Line 81: Insert specifically between test and for A. fumgiatus. How accessible are these non-fumigatus antibody tests?

Authors’ response: Thank you, this is not very accessible in LMICs

 

  1. Microbiology, Lines 100-101: Given the poor sensitivity of microscopy I would never use to determine whether other procedures were performed. Culture should be performed irrespective of the result. Also please confirm that you are talking about the testing of respiratory samples.

Authors’ response: Thank you, this has been revised

  1. Microbiology Line 106: Galactomannan has not been mentioned previously. Please provide some background. Also is there any role for LFA detecting antigen in BAL samples in resource limited settings?

Authors’ response: Thank you, this has been revised. BAL LFA has very low diagnostic performance. Moreover, obtaining a BAL sample is not routine in LICs

  1. Treatment Lines 176: prolonged use of voriconazole may also increase the likelihood of side-affects, particularly important for the management of chronic conditions. The prolongation of the QT interval also needs to be listed.
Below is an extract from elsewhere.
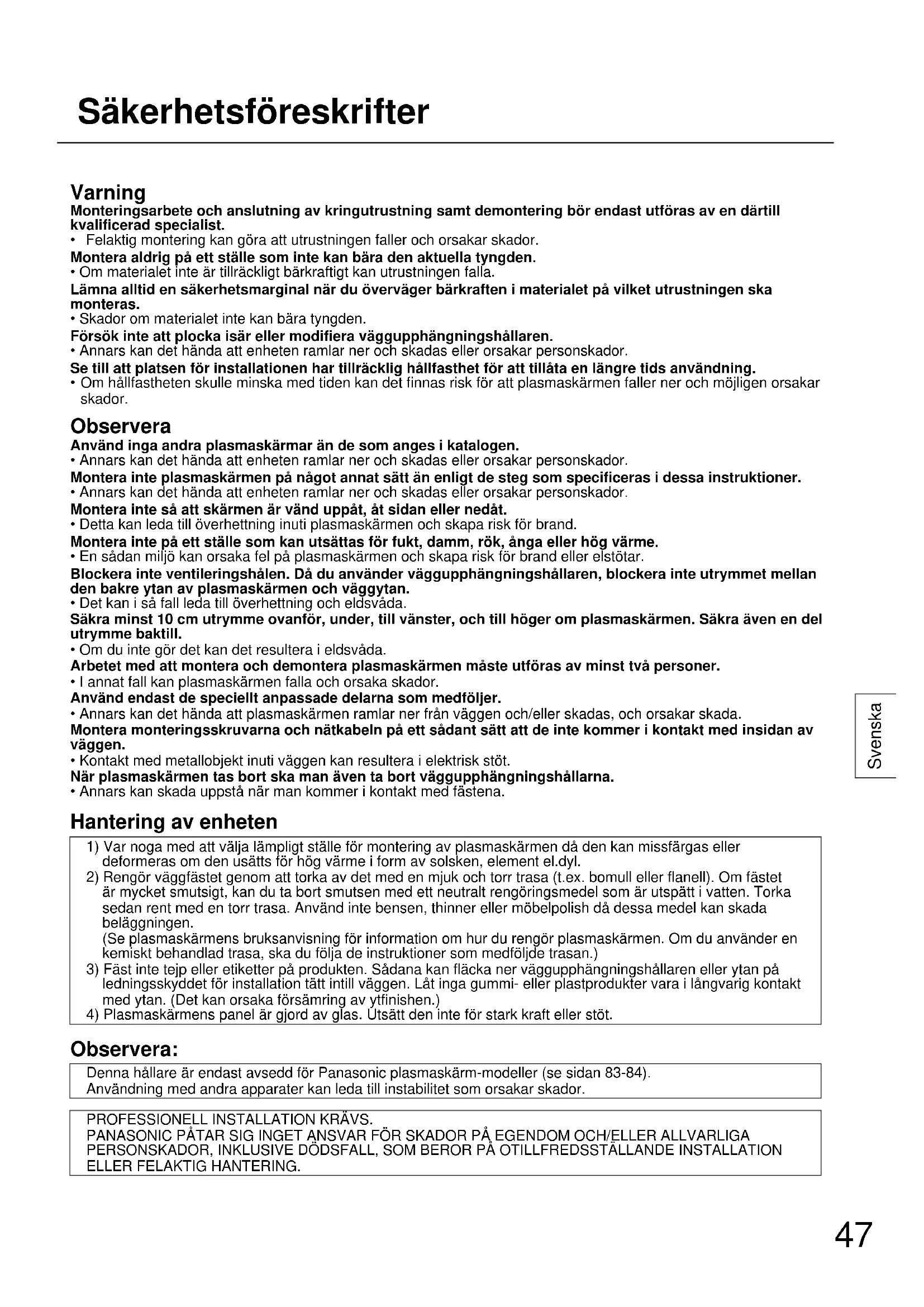 - I annat fall kan plasmaskärmen falla och orsaka skador. Använd endast de speciellt anpassade delarna som medföljer.

Authors’ response: Thank you, this has been revised

  1. Aspergillus nodule: Is antifungal treatment the same as CCPA/CFPA?

Authors’ response: Thank you, this has been revised. On for symptomatic patients who do not have access to surgical interventions

  1. CPA Recurrence, line 221, CNPA, you have not mentioned this previously, it is assumed that this should be SAIA?

Authors’ response: Thank you, this has been revised

  1. Mortality/Predictors, Lines 231-232. Sentence “CPA…………….syndrome” is unclear, please revise.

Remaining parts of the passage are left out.